* **Extracted records**:

════════

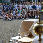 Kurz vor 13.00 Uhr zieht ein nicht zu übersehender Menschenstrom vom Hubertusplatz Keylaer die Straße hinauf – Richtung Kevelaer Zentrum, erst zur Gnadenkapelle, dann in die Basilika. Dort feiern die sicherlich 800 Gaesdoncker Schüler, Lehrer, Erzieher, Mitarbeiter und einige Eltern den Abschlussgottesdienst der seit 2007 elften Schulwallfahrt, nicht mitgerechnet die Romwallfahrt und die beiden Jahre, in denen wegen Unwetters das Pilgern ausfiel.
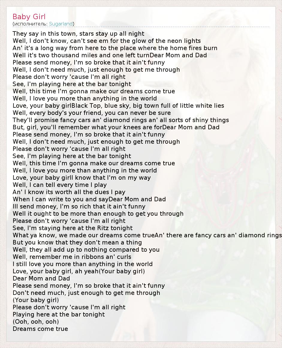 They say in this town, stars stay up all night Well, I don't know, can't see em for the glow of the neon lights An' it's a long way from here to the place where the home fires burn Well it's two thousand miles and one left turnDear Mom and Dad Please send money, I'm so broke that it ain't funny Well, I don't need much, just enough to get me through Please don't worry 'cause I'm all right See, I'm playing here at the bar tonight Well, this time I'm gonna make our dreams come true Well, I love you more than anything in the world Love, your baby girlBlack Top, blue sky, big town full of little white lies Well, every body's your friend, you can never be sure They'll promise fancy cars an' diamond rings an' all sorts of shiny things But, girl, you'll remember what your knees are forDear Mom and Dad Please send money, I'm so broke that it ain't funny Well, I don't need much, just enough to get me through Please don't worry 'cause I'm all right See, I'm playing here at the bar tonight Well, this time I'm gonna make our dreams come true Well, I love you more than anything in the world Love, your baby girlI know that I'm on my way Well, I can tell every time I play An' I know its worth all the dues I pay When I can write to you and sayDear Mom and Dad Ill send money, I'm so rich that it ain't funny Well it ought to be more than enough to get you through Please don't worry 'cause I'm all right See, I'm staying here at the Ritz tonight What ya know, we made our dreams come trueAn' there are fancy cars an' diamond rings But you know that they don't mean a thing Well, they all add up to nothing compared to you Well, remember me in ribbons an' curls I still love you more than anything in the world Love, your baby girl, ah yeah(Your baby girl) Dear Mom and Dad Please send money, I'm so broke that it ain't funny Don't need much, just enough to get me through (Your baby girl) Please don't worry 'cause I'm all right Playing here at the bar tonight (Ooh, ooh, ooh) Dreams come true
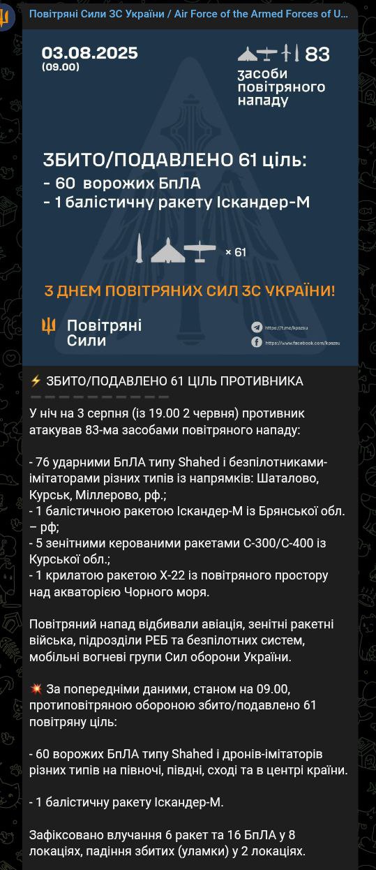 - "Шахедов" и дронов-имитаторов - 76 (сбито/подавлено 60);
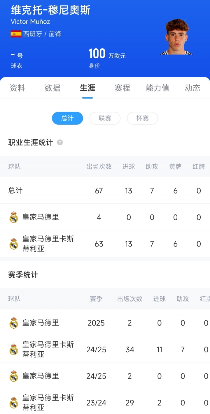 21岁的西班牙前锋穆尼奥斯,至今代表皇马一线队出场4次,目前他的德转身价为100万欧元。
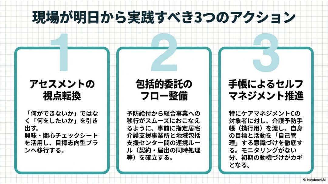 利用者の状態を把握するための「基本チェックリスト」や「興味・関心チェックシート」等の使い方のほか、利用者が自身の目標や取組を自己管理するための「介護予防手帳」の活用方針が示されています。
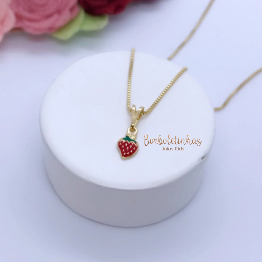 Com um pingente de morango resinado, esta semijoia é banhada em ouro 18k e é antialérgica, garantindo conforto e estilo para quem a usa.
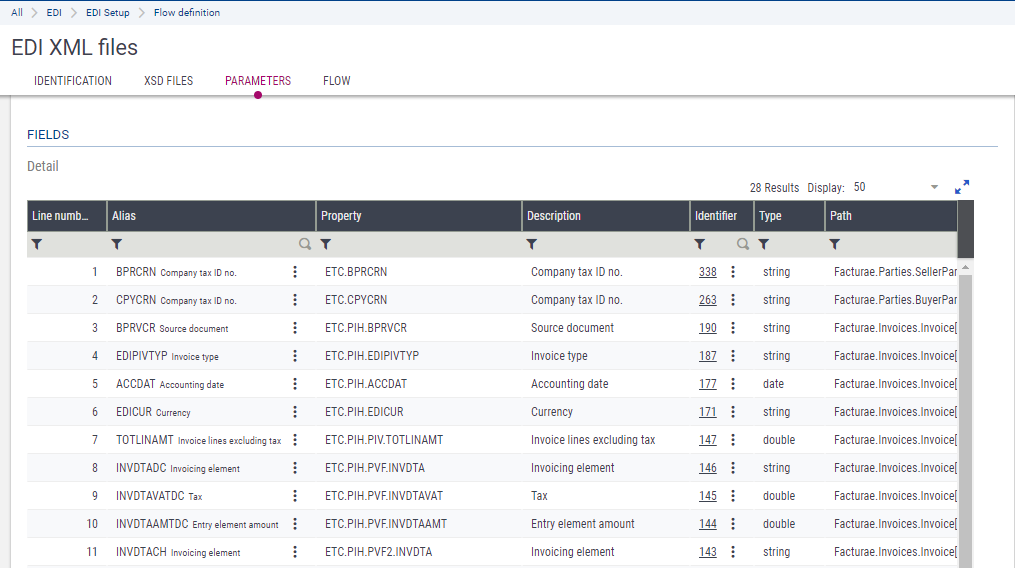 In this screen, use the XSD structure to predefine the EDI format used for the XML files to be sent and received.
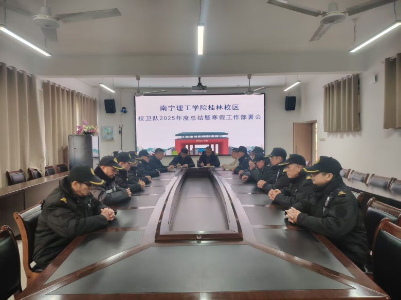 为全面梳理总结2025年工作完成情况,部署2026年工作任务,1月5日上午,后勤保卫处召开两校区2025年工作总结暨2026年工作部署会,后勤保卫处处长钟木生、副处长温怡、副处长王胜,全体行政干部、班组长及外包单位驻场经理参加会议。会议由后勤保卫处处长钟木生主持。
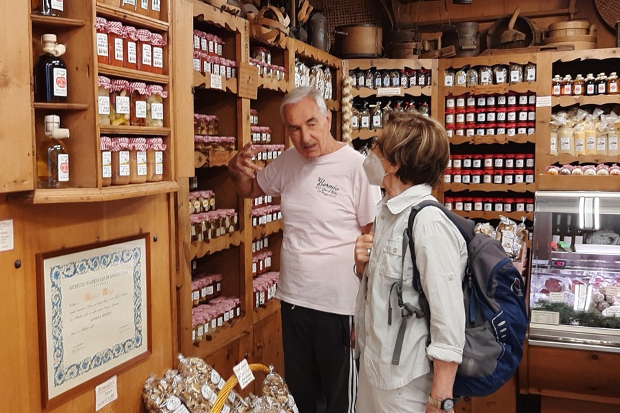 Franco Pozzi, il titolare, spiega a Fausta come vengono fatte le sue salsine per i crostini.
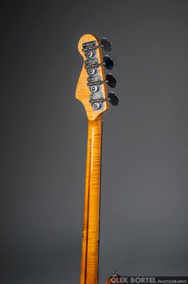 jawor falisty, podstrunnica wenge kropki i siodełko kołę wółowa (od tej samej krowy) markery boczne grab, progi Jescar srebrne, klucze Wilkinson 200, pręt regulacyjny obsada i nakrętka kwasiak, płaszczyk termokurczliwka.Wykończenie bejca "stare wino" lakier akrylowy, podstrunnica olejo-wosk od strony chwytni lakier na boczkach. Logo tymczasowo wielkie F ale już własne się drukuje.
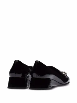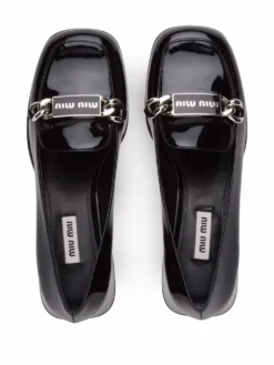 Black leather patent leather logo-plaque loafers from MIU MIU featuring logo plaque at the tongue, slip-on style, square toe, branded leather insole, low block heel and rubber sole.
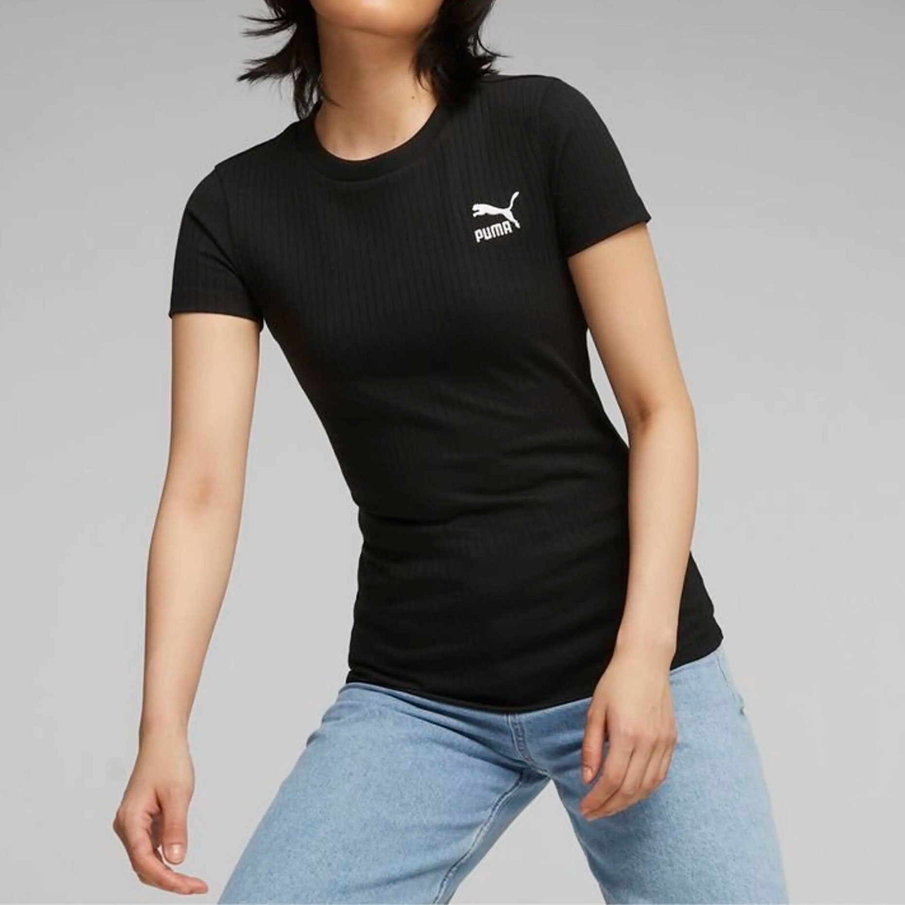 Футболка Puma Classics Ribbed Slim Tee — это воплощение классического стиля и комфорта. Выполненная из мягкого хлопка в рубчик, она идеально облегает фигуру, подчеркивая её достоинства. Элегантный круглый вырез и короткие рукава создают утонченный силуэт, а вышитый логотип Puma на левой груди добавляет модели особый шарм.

════════

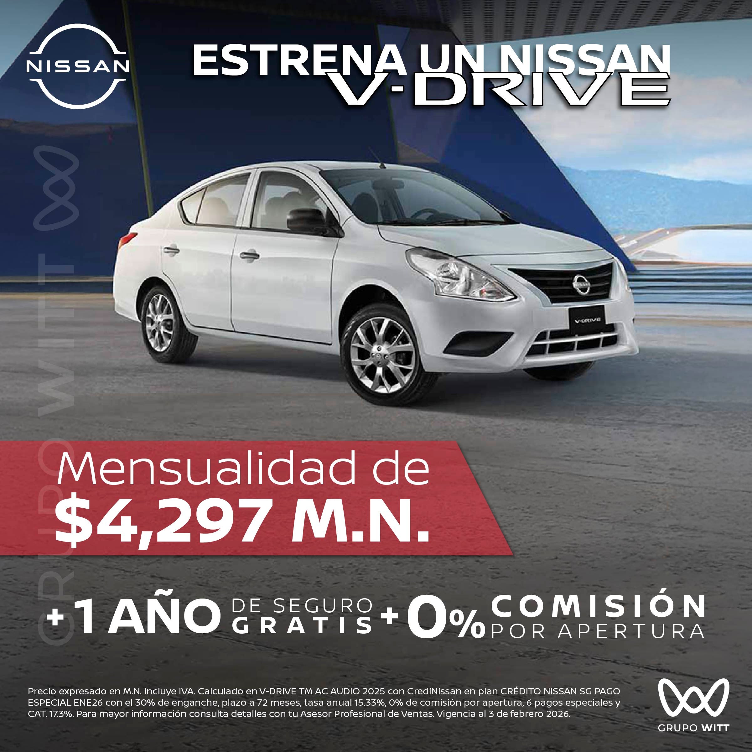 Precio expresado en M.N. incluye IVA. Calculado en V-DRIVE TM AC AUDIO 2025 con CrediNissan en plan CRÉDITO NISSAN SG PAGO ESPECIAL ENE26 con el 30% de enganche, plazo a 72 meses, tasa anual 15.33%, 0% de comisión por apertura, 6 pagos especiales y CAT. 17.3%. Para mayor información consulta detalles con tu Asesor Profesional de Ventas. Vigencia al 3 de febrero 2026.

════════

* **Problem to solve**:
Without the pictures, set down the lines above from the line with "利用者の状態を把握するための" up to and including the line with "Franco Pozzi, il" exactly as they stand.

* **Solution to this exercise**:
 利用者の状態を把握するための「基本チェックリスト」や「興味・関心チェックシート」等の使い方のほか、利用者が自身の目標や取組を自己管理するための「介護予防手帳」の活用方針が示されています。
 Com um pingente de morango resinado, esta semijoia é banhada em ouro 18k e é antialérgica, garantindo conforto e estilo para quem a usa.
 In this screen, use the XSD structure to predefine the EDI format used for the XML files to be sent and received.
 为全面梳理总结2025年工作完成情况,部署2026年工作任务,1月5日上午,后勤保卫处召开两校区2025年工作总结暨2026年工作部署会,后勤保卫处处长钟木生、副处长温怡、副处长王胜,全体行政干部、班组长及外包单位驻场经理参加会议。会议由后勤保卫处处长钟木生主持。
 Franco Pozzi, il titolare, spiega a Fausta come vengono fatte le sue salsine per i crostini.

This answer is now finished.